FULL SPEECH: Malusi Gigaba's #MiniBudget2017

2017-10-25 19:22
Finance Minister Malusi Gigaba. (Photo: Gallo Imag
Finance Minister Malusi Gigaba. ~ Gallo Images

Cape Town - This is the full medium term budget policy statement delivered by Finance Minister Malusi Gigaba on Wednesday.

Below is his full speech:

Fellow South Africans

Molweni! Sanibonani! Dumelang! Goeie middag! Avhusheni!

It is my privilege to present the twentieth Medium Term Budget Policy Statement for consideration of the House and all South African.

Introduction

As we consider the medium-term outlook, one is reminded of a poem by Ben Okri, entitled ‘Poetic Fight’, which I quote:

“Will you be at the harvest,  Among the gatherers of new fruits?
Then you must begin today to remake Your mental and spiritual world,
And join the warriors and celebrants of freedom, Realizers of great dreams.
You can’t remake the world without remaking yourself.”

With these evocative words, Okri challenges us to remake ourselves in order to remake the world around us.

To become the realizers of great dreams, we must challenge and reimagine ourselves, be  prepared to reinvent and create anew.

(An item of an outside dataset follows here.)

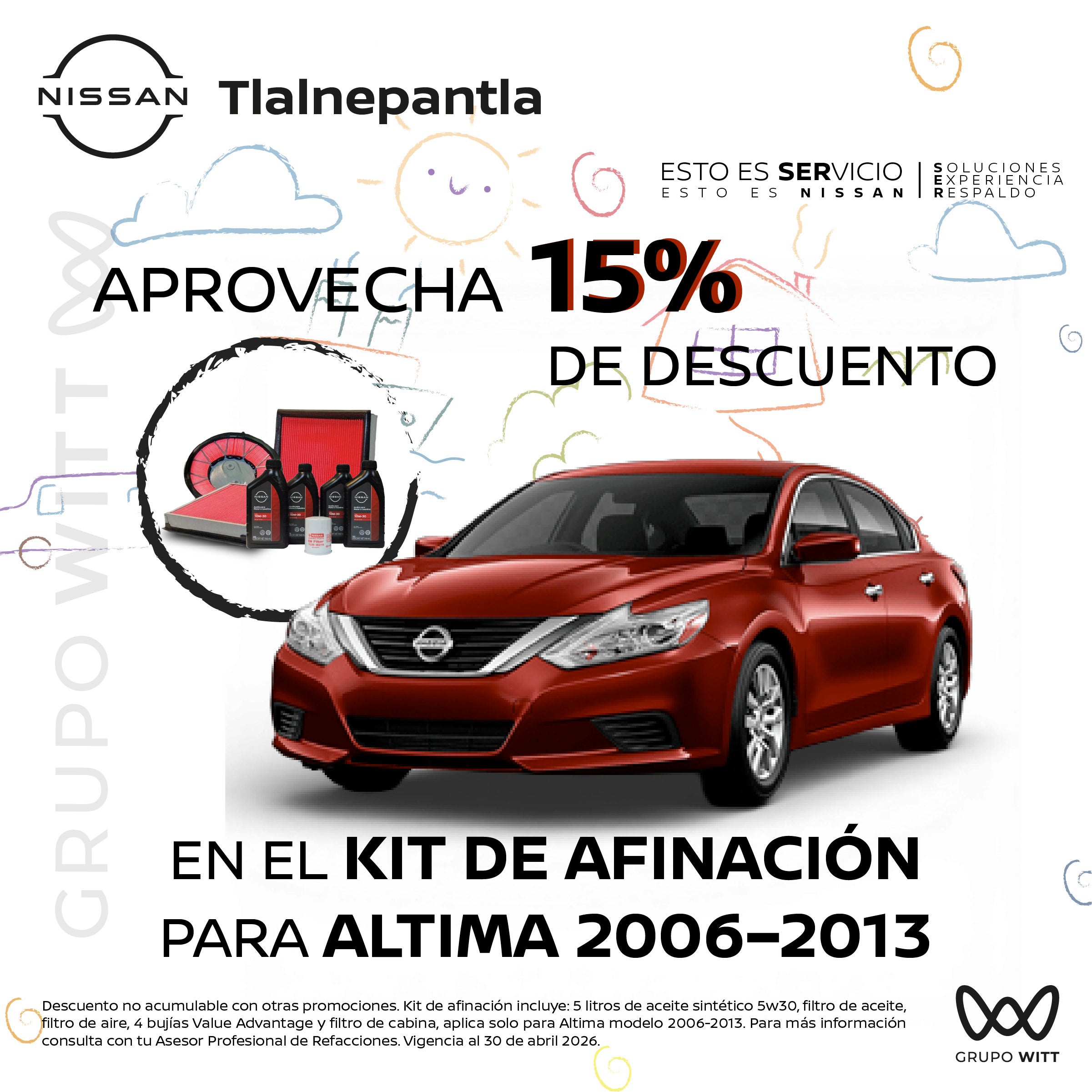 Descuento no acumulable con otras promociones. Kit de afinación incluye: 5 litros de aceite sintético 5w30, filtro de aceite, filtro de aire, 4 bujías Value Advantage y filtro de cabina, aplica solo para Altima modelo 2006-2013. Para más información consulta con tu Asesor Profesional de Refacciones. Vigencia al 30 de abril 2026.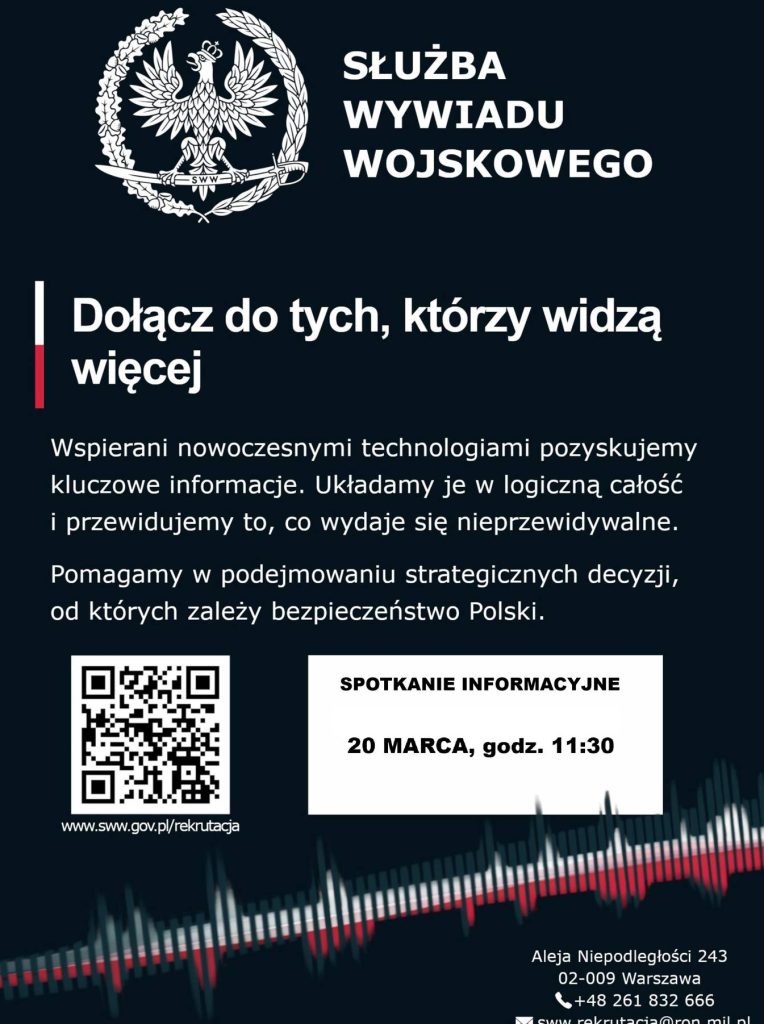 Biuro Karier UKSW zaprasza na spotkanie z przedstawicielami służb specjalnych, którzy opowiedzą jakie zadania i w jaki sposób są realizowane przez Służbę Wywiadu Wojskowego, jak wygląda proces rekrutacyjny i kto może się stać funkcjonariuszem.

As part of this mammoth effort, and in one on the most important achievements of the fourth democratic administration, a National Development Plan (NDP) was developed five years ago, constituting a long-term vision for the country.

The NDP was developed through an unprecedented and remarkably inclusive process, canvassing the views of South Africans from all walks of life, and drawing in the best national expertise and minds, as embodied by the distinguished and diverse group of national planning commissioners who developed the plan.

This culminated in the Vision 2030, which spelled out what was required to realize our aspirations for our society, and for all who live in it.

It was absolutely critical for Vision 2030 to use as a starting point the aspirations for our people.

That is what government is about, and that is what development is also about – putting in place the conditions for people to realize their aspirations for themselves.

This is true to Okri’s clarion call which exhorts us not merely to be at the harvest or the realization of the dreams, but to be among the gatherers of the fruit and the realizers of the great dreams, to be present at the letsema not merely as the beneficiary of the harvest of great fruit, but as an active participant of the sowing and ultimately one of the harvesters.

The NDP envisages a future in which our people will not be passive beneficiaries of the largesse of democracy, but indeed active builders and midwives of the South Africa we want.

Indeed we must all be prepared to plant the seeds of the harvest.

As Indian Nobel prize laureate and development economist Amartya Sen observed in his book,
Development As Freedom:

“Development has to be more concerned with enhancing the lives we lead and the freedoms we enjoy. Expanding the freedoms that we have reason to value not only makes our lives richer and more unfettered, but also allows us to be fuller social persons, exercising our own volitions and interacting with – and influencing – the world in which we live.”

Our people aspire:

  • to raise their children in conditions of safety, free from threats of sexual assault, drugs and gangsterism
  • to live healthy lives, with access to medical care to prevent and treat illnesses;
  • to develop their capabilities through education and training, apprenticeships and employment;
  • to build wealth sufficient to live a decent lifestyle now and in their years of retirement, and to leave something to their families after passing on; and,
  • perhaps above all, to actualize themselves, to take advantage of all that life has to offer, and pursue their dreams as masters of their own destiny

At its core, it is this fundamental purpose of enabling people-centred development that is and must be the central objective of government, and the capable and developmental state called for by Vision 2030.

In this regard, the Medium-Term Budget Policy Statement (MTBPS) is an important opportunity to reflect on the country’s finances and economic outlook, and to what extent this outlook supports our national development objectives as articulated in Vision 2030.

It is an opportunity to think about how we must remake ourselves, if we are to reach the harvest evoked by Okri.

We are giving an honest view of the challenges facing our country.

It is not in the public interest, nor is it in the interest of government, to sugar-coat the state of our economy and the challenges we are facing.

It is only when we understand these challenges fully and candidly that we will know what to do and can decide what course we must take in addressing them, as well as what trade-offs we must make in the national interest.

The fiscal framework we present to you recognizes this and does exactly this. The period ahead is not going to be an easy one.

Our resolve is to remain on course and not to deviate irretrievably from the fiscal consolidation agenda we embarked on a few years ago.

We will continue to optimize, squeeze and innovate to improve the quality and efficiency of our spending.